From 12c863ddd9721e87c81ad755d1729d8241ab2204 Mon Sep 17 00:00:00 2001
From: Michael Paquier <mich...@paquier.xyz>
Date: Thu, 22 May 2025 10:09:36 +0900
Subject: [PATCH v3 2/2] Improve handling of 2PC files during recovery

This addresses two issues with 2PC files.

First, at the beginning of recovery, 2PC file data is loaded from
pg_twophase/.  The previous codes used CLOG lookups to determine fif
transactions were committed and/or aborted, which is unsafe at this
stage of recovery if a consistent state may not have been reached.  The
code is changed so as files are discarded based on the horizon seen by
the checkpoint record from where recovery begins:
- If 2PC files are older than the checkpoint XID horizon, these files
are useless, and can be safely removed/
- If 2PC files are newer than the next XID available, these files should
not exist yet, and can be discarded.  If a 2PC transaction exists with
the same transaction ID, WAL replay will take care of adding it.

Second, at the end of recovery, it may be possible that dangling files
exist for transactions already committed and/or aborted, when these are
loaded into memory based on the XID horizon available at the beginning
of recovery.  At this stage of recovery, CLOG lookups are safe as
recovery finishes so the state of the on-disk CLOG data is consistent.

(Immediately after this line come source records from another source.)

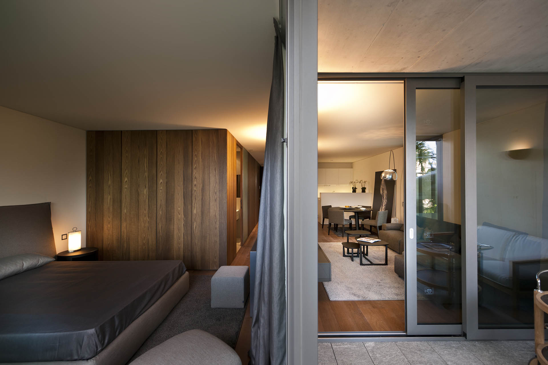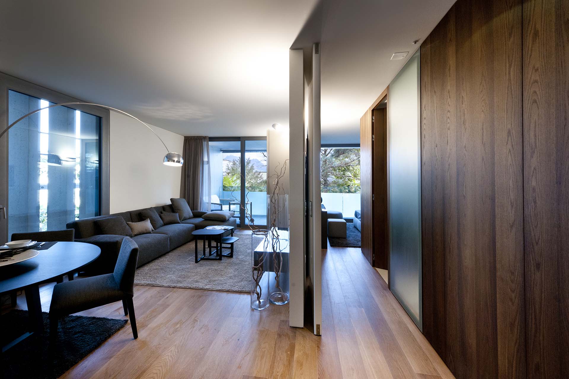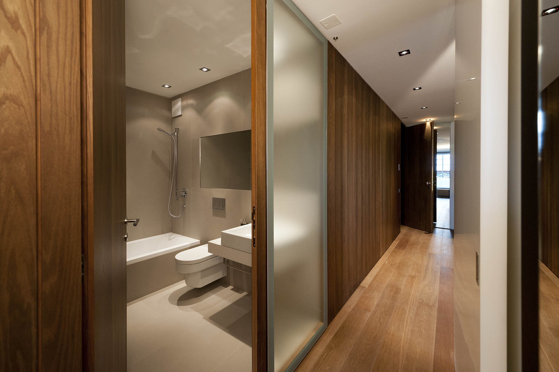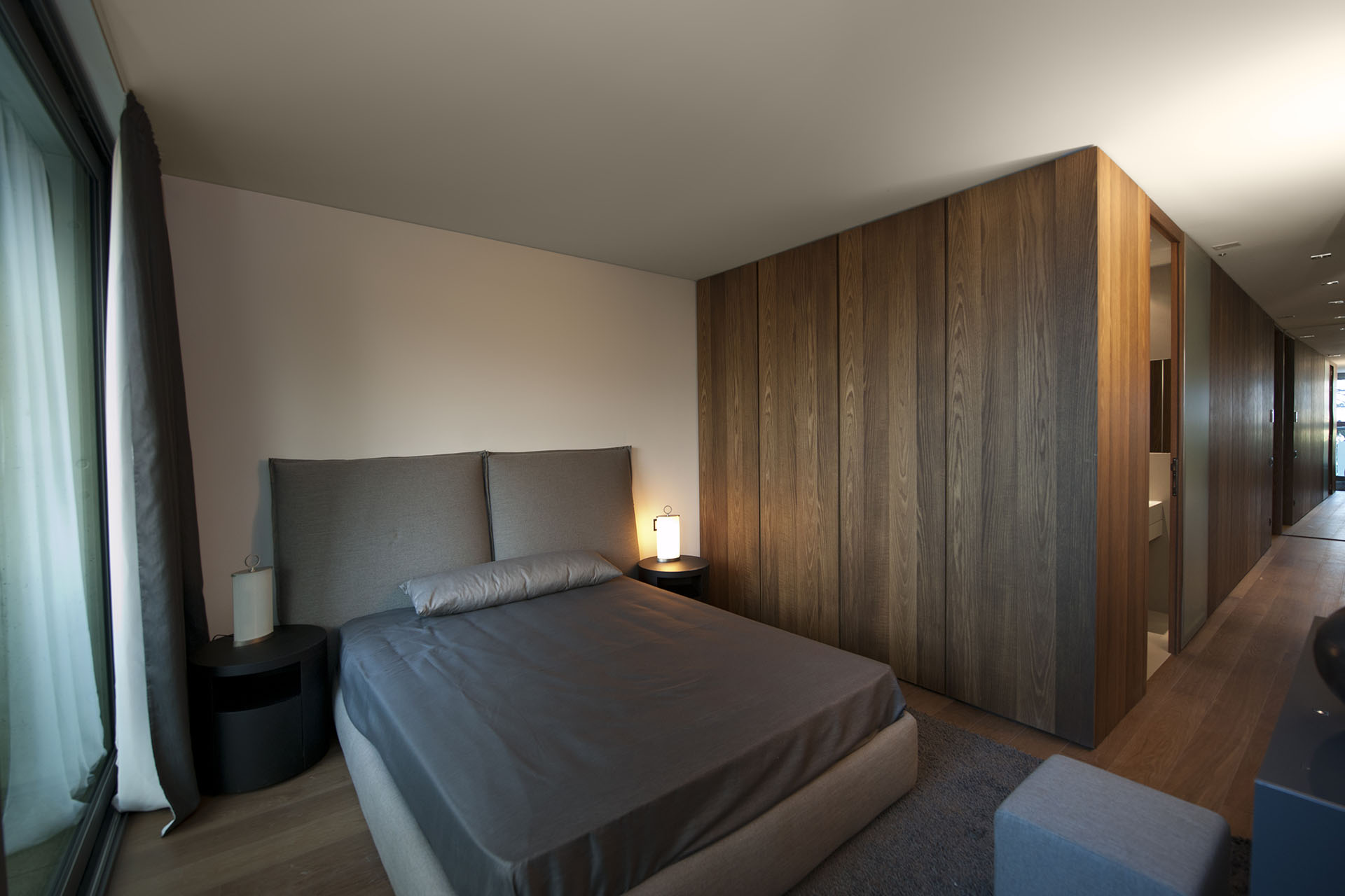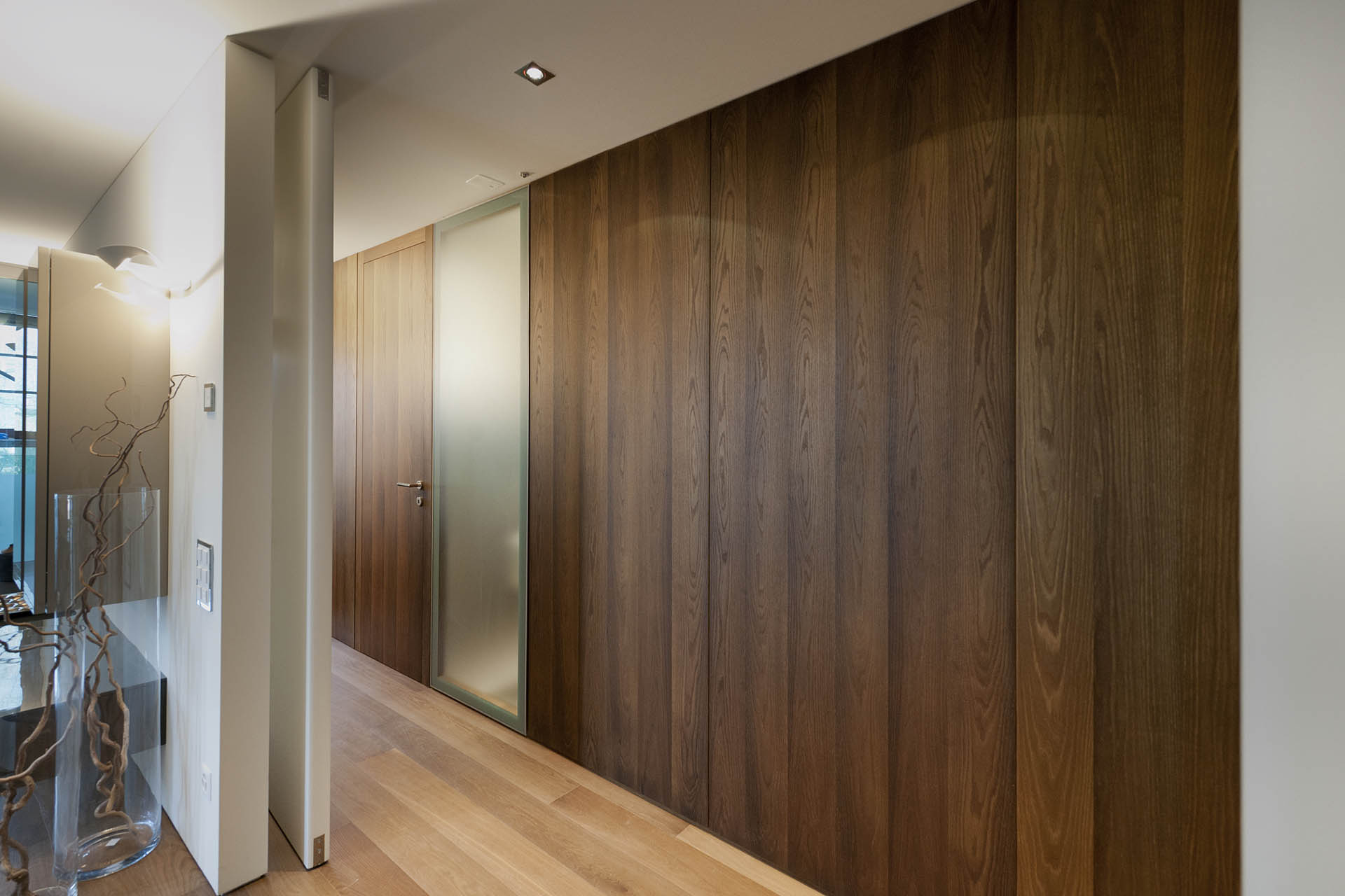 Realization of furniture for sample apartment: doors, panelling, cabinets in cotto oak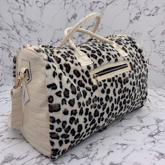 Men's Manzini Cream | Animal Print Faux Fur Large Duffle Bag NWT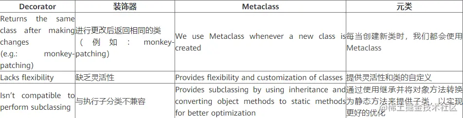 元类允许自定义类。还有多种其他有效且简单得多的方法可以通过这些方法实现相同的输出。这样的例子之一就是使用装饰器。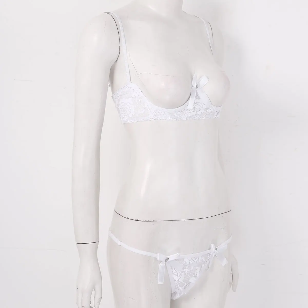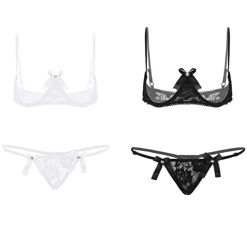 Особенности: Комплект женского эротического кружевного белья из 2 предметов, хорошая эластичная и легкая ткань, мягкая и удобная в носке. Бюстгальтер на косточках с открытой грудью и бантом в центре, без подкладки, с полукруглой чашечкой для хорошей поддержки, эластичные регулируемые бретели и застежка на крючок для лучшей посадки. Трусы-стринги с заниженной посадкой и регулируемой талией, украшенные двумя бантами-лентами спереди. Уникальный дизайн подчеркивает ваши края и изгибы, делает вас более привлекательной и очаровательной. Идеально подходит для особых ночей, Дня Святого Валентина, медового месяца, элегантный внешний вид сделает вас более привлекательной для вашего партнера. Пожалуйста, внимательно проверьте размер перед покупкой, рекомендуется ручная стирка.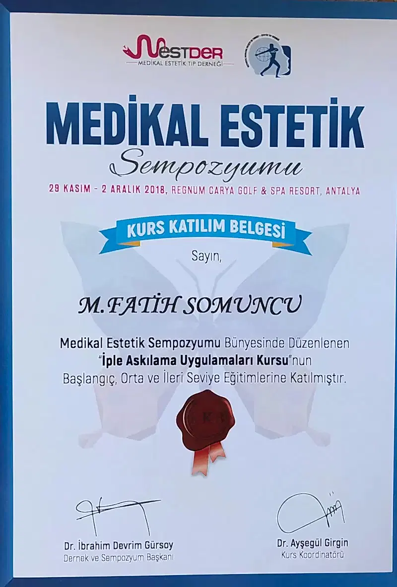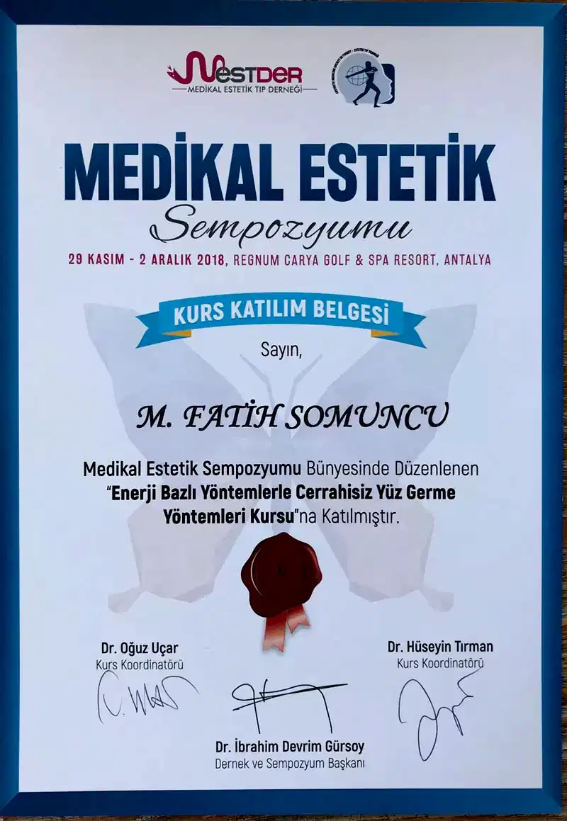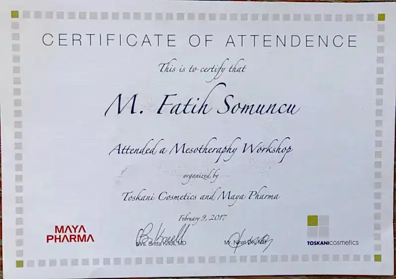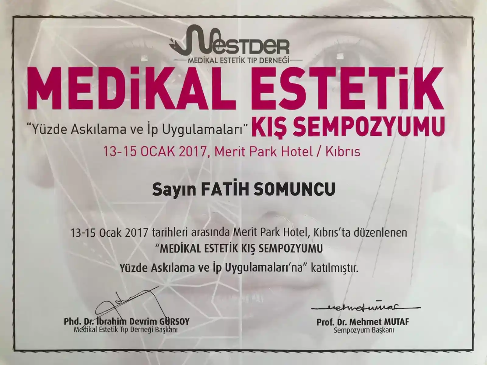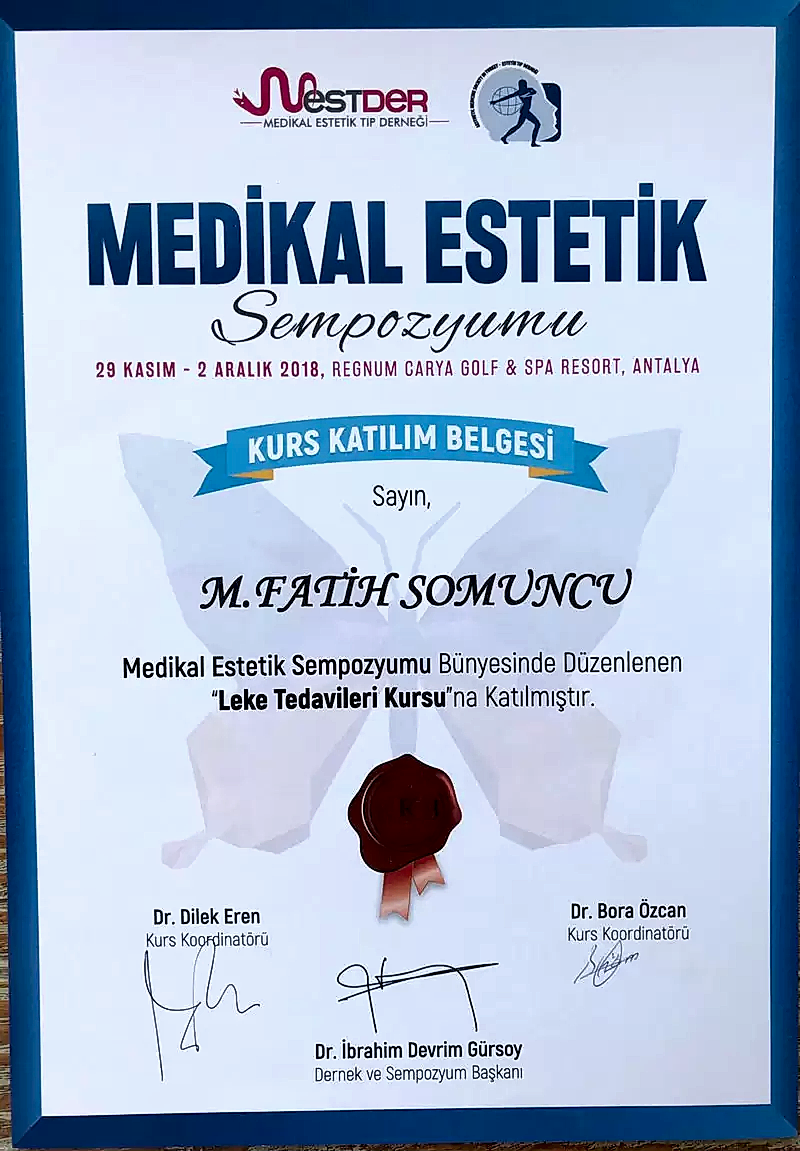 Sağlık Bakanlığı tarafından düzenlenen ‘Estetik ve Kozmetik Uygulamaları’ sertifikasyon eğitimini gerek teorik gerekse pratik bölümlerinden ‘tam puan’ alıp üstün başarı ile bitirip sertifika almaya hak kazanmıştır.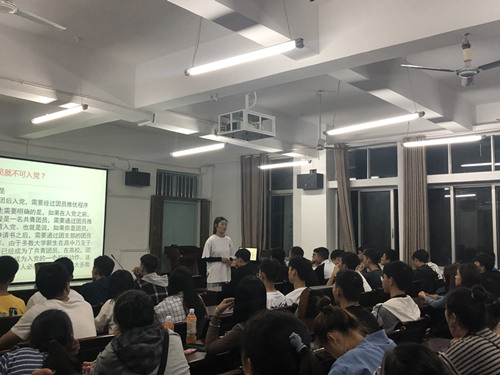 学生党员周美同学跟大家分享了主题为“做新时代追梦人”学习心得,并向2019级同学介绍了入党流程和要求。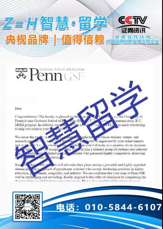 录取学校:录取美国排名第6的“常青藤名校”宾夕法尼亚大学教育学硕士!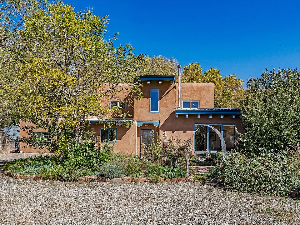 High desert permaculture oasis! 3-bedroom, 2-bath, 3066 square foot home, with large bonus room with it's own entry that could serve as studio, office, or another bedroom, nestled in towering cottonwoods on three lots totaling almost 18 acres along the lower Arroyo Hondo, with an intermittent spring and a year-round pond. This working permaculture farm produces nursery stock and landscaping plants, as well as generous amounts of food for family and friends, with a chicken coop, two 360 sq. ft. hoop houses and roughly 8/10ths of an acre in cultivation, including gardens and fruit trees. Set up for energy efficiency, with owned solar panels, a greenhouse attached to the house for ample solar gain, rainwater catchment, the house provides year round comfort. Inside, the main living area features high beamed ceilings and plaster walls, a cozy high-efficiency wood stove, and Saltillo tile. The kitchen features stainless steel appliances, the bathrooms have been recently updated, and the primary suite opens to a second story deck to take it all in. Sellers have done substantial recent work to decks, stucco, windows and roof. All of this less than three miles from city limits and a quarter mile from Ojo Santa Fe.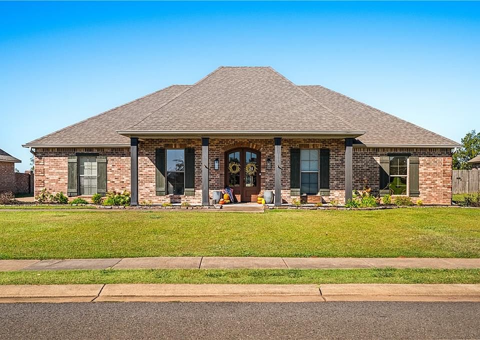 Built in 2008, this well-maintained Acadian-style home is located in St. Andrews Links Estates and sits directly along the 7th fairway. The home features four bedrooms, two full bathrooms, and one half bathroom in a split floor plan layout. The foyer opens to a formal dining room and a living area with a custom gas fireplace and mantle. The kitchen offers ceramic tile flooring, granite countertops, an eat-at bar, walk-in pantry, and stainless steel appliances including a double-door refrigerator, built-in microwave, dishwasher, and gas range. A breakfast area with bay-window seating adjoins the kitchen. The laundry room includes built-in cabinetry, a sink, and is located next to the half bath and double carport. The main bedroom has a tray ceiling, large walk-in closet, and an adjoining bathroom with double vanities, a jetted tub, and separate shower. The additional bedrooms are spacious with walk-in closets and a hall bathroom with a tub/shower combination. Exterior features include a fully fenced backyard with wrought-iron fencing along the golf course, covered brick patio, full gutter system, front and rear landscaping, and a roof replaced within the last few years. Home is on city utilities including electricity, water, natural gas, and twice-weekly trash pickup. HOA $425 annually.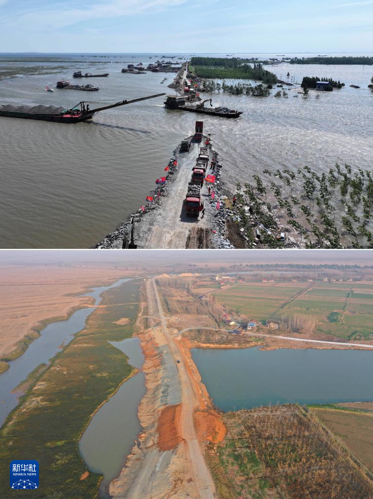 拼版照片:上图为7月8日拍摄的湖南省岳阳市华容县团洲垸洞庭湖大堤决口现场,抢险队伍在进行堵口作业(无人机照片);下图为12月18日拍摄的团洲垸洞庭湖大堤(无人机照片)。今年7月,团洲乡团洲垸洞庭湖一线堤防发生决口,团洲乡绝大部分被淹。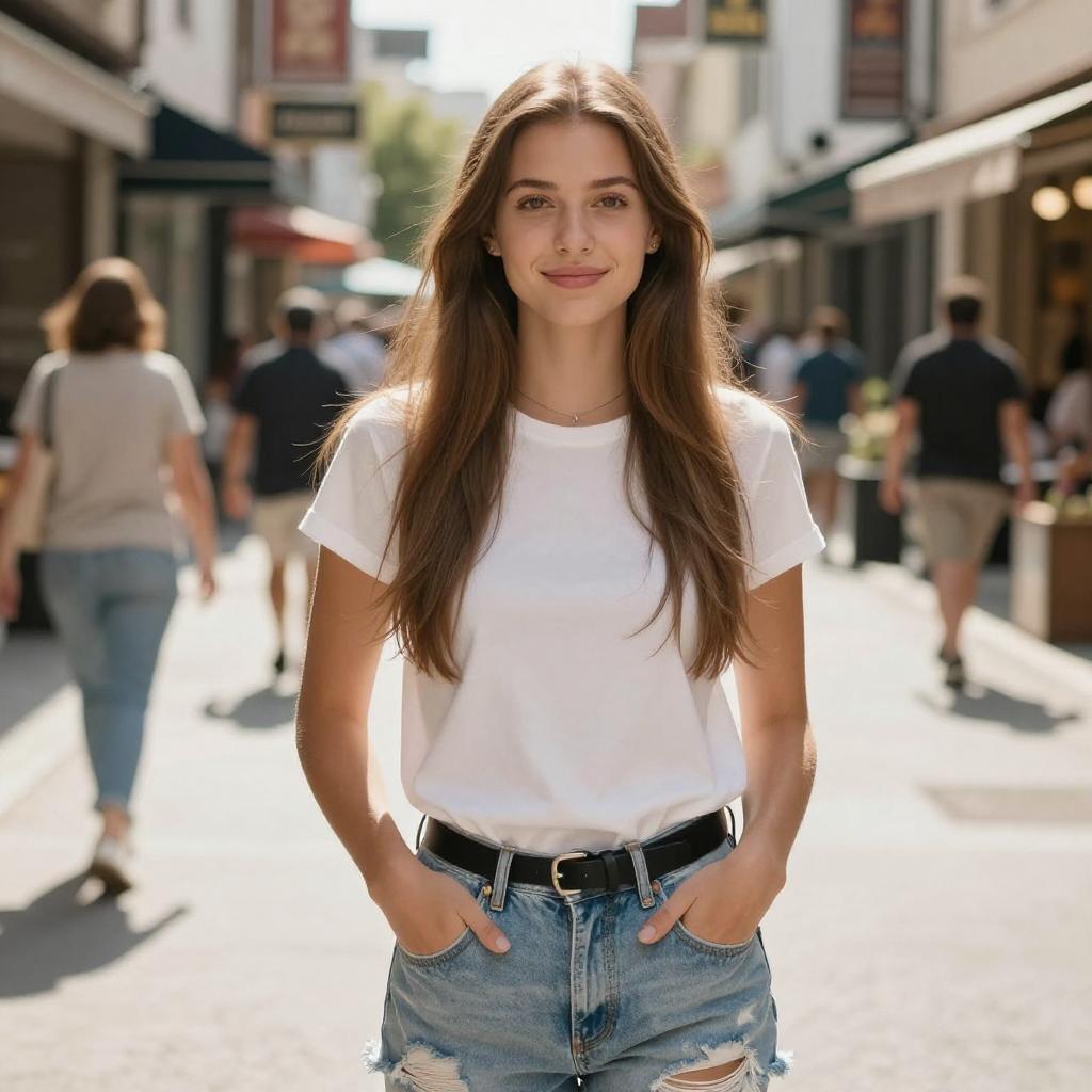 Young confident woman in a casual light blue sundress shopping in a brightly lit grocery store aisle. She has long brown hair and is smiling warmly while making eye contact. The store shelves are stocked with fresh produce and grocery items.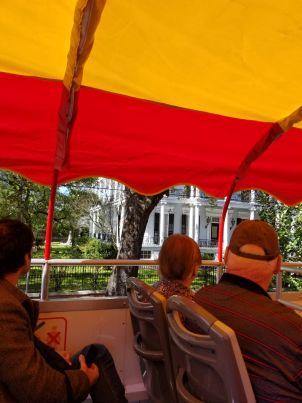 While I sat, alone, the bus filled at the next stop. The entire top was full save two seats. One next to me and the other next to someone across from me and up one. There was a group of much older ladies that came upstairs and we about to part, but someone pointed out the spare seats, although it would separate the group. I warned the lady I might bite, jokingly, and she responded, seriously, that it would be OK. So, I realized it was going to be that kind of tour. During the course of the ride we shared, she was pretty good at responding to some of my milder comments I decided to say aloud. She had a few of her own and we laughed on occasion.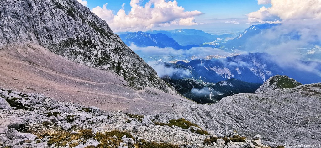 Le lendemain matin nous avons été louer un baudrier, un casque et un mousqueton à Bergsport WN Alpin (lien du site internet juste ici) à Breitenau pour la journée (19 EUR par personne) avant d’arriver à la station Alpspitzbahn. Pour démarrer la via ferrata depuis le Alpspitze, vous avez 2 options : soit vous montez à pied en quelques heures, soit vous prenez le funiculaire qui vous y amène en à peine 3 minutes. Sachez tout de même que le funiculaire est assez cher : 18 EUR l’aller simple ou 30 EUR l’aller-retour (sachez que si au final vous décidez de descendre en funiculaire et que vous aviez déjà un ticket aller, vous ne payez que 10 EUR supplémentaires pour le retour au lieu du prix plein) 🙂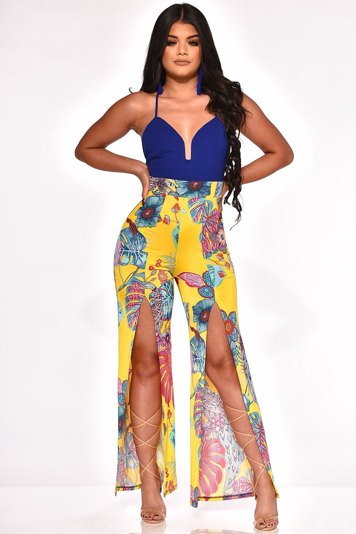 Boutique Sling Backless Slit Leaf Printed Jumpsuit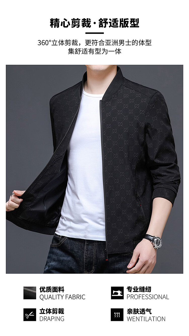 TOME BKOWAIE light luxury high-end jacket men's spring and autumn 2026 new baseball collar casual jacket men's 8623 black spring and autumn style XL 180 recommended 135-150 Jin Jin equals 0.5 kg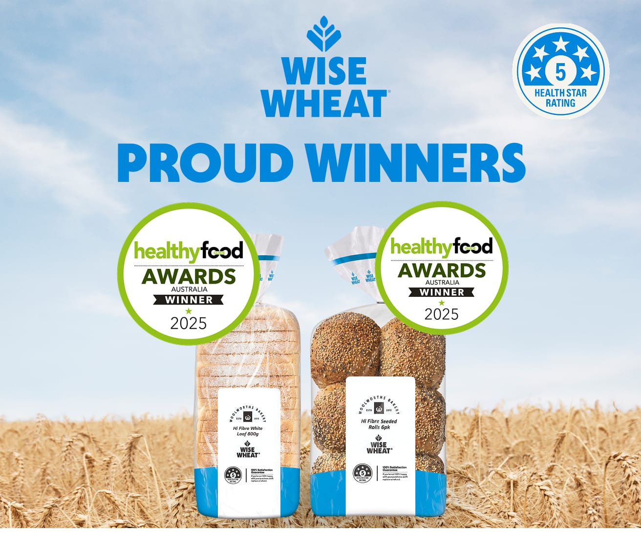 Introducing WISE WHEAT®, the naturally high in fibre flour that offers no compromise on taste or texture. You’ll find a selection of everyday bakery loaves and rolls baked with WISE WHEAT® flour at Woolworths supermarkets with an in-store bakery. Naturally high in prebiotic fibre, the range will help you easily increase your whole family’s fibre intake and contribute to good gut health as part of a healthy balanced diet.

The first step is now done by restoreTwoPhaseData(), which is the code
in charge of loading the 2PC state files from pg_twophase at the
beginning of recovery.  The second step is done in
RecoverPreparedTransactions(), called at the end of recovery to restore
full the state of existing 2PC transactions based on their in-memory
data filled during recovery.  Previously, ProcessTwoPhaseBuffer() was in
charge of doing such checks, based on CLOG lookups, which was unreliable
at the beginning of recovery.

Tests are added to show these two problems.
---
 src/backend/access/transam/twophase.c | 140 +++++++++++++----------
 src/test/recovery/t/009_twophase.pl   | 153 ++++++++++++++++++++++++++
 2 files changed, 236 insertions(+), 57 deletions(-)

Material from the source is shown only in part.